Judges: Brunt
Filed Date: 2/15/1874
Status: Precedential
Modified Date: 11/8/2024
I think that the principle is perfectly well settled that where there is a covenant in a lease not to assign, and an assignment is made of the whole term by the lessee, if the landlord desires to take advantage of the breach of the covenant he must re-enter. If he accepts rent from the assignee of the lease, the assignee becomes his tenant, and he takes the leasehold freed from the covenant not to assign, and is only liable for rent for the time that the premises remain his, although the counsel for the plaintiff insists that there is no distinction between a breach of a covenant not to underlet and not to assign. I think that there is a vast difference. In the one case the lessee still remains the owner of the leasehold premises, and in the other he parts with his whole interest or estate.

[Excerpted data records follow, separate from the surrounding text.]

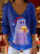 Women's Neon Lights Christmas Gifts Ghost Lights Pattern Art Print V-neck Solid Color Loose Shiny Sweater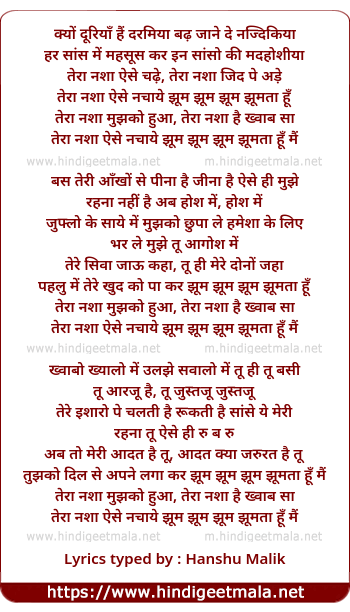 tera nasha aise nachye jhum jhum jhum jhumta hu mai
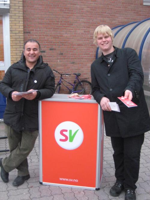 Etter å ha stått litt på stand i dag i Sandefjord, fant vi ut at vi måtte avslutte et annet sted for å holde motet oppe. Så vi – Hiam, Carl og jeg – satte kursen mot Nordbysenteret i Larvik. Rett før vi kjørte inn til senteret, passerte vi to jenter som gikk på sykkelstien og VINKA TIL OSS! Larvik er annerledes enn Sandefjord. En tydelig forskjell for oss SVere: Her er det helt bemerkelsesverdig flere som tar i mot, kommer med oppmuntrende ord og er interessert.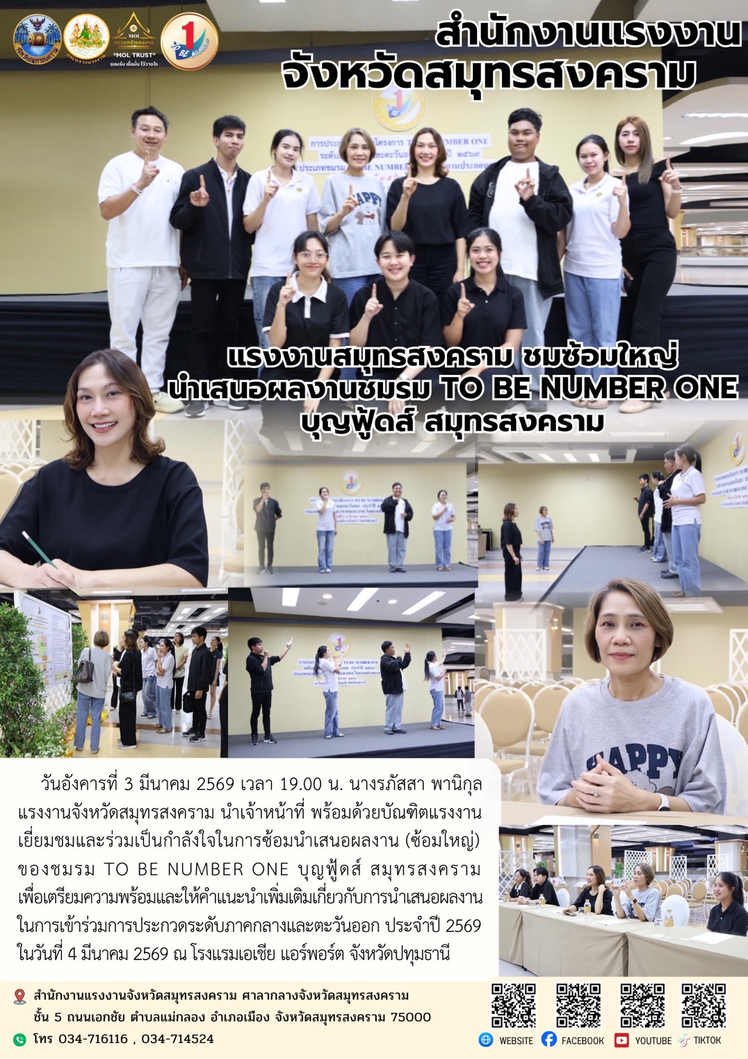 วันอังคารที่ 3 มีนาคม 2569 เวลา 19.00 น. นางรภัสสา พานิกุล แรงงานจังหวัดสมุทรสงคราม นำเจ้าหน้าที่ พร้อมด้วยบัณฑิตแรงงาน เยี่ยมชมและร่วมเป็นกำลังใจในการซ้อมนำเสนอผลงาน (ซ้อมใหญ่) ของชมรม TO BE NUMBER ONE บุญฟู้ดส์ สมุทรสงคราม เพื่อเตรียมความพร้อมและให้คำแนะนำเพิ่มเติมเกี่ยวกับการนำเสนอผลงานในการเข้าร่วมการประกวดระดับภาคกลางและตะวันออก ประจำปี 2569 ในวันที่ 4 มีนาคม 2569 ณ โรงแรมเอเชีย แอร์พอร์ต จังหวัดปทุมธานี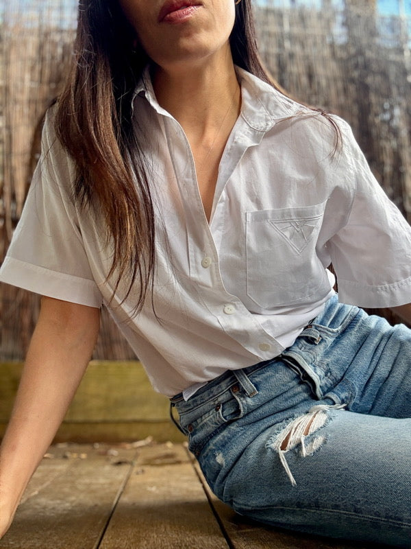Vintage White Cotton Short-Sleeved Shirt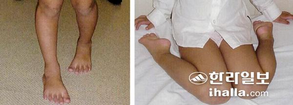 대퇴골 전염각 증가로 내족지 보행을 보이며 앉을 때 W자 자세를 선호한다. 사진 출처=대한소아정형외과학회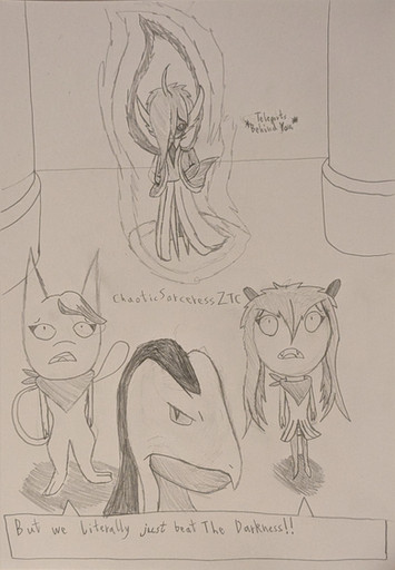 Rikuku(light green),Lizizi(black),Haruru were just doing whatever then they see Vanini(me as a keronian) running away from something. I tell them to hurry and run,i grab their hands and speed off somewhere deep and dark. They see that creature looking around the area and eventually he leaves.

In the case of an assignment of a lease, no part bf the estate ever reverts back to the original lessee, whereas in the case of an underletting at the expiration of the term, the whole estate reverts to the original lessee, and he takes it again subject to the covenant.
All the cases which the counsel for the plaintiff has cited to show that the acceptance of rent after breach of a covenant is not tantamount to a license, but for any subsequent underletting the landlord may re-enter, are cases of under-letting only, and not cases of assignment. The defendants Eckstein and Yogel, having already assigned an injunction, cannot restrain them from doing what they have already done, and if there has been a breach of the covenant not to assign, the landlord has what the law deems to be an adequate remedy. The defendants must have judgment.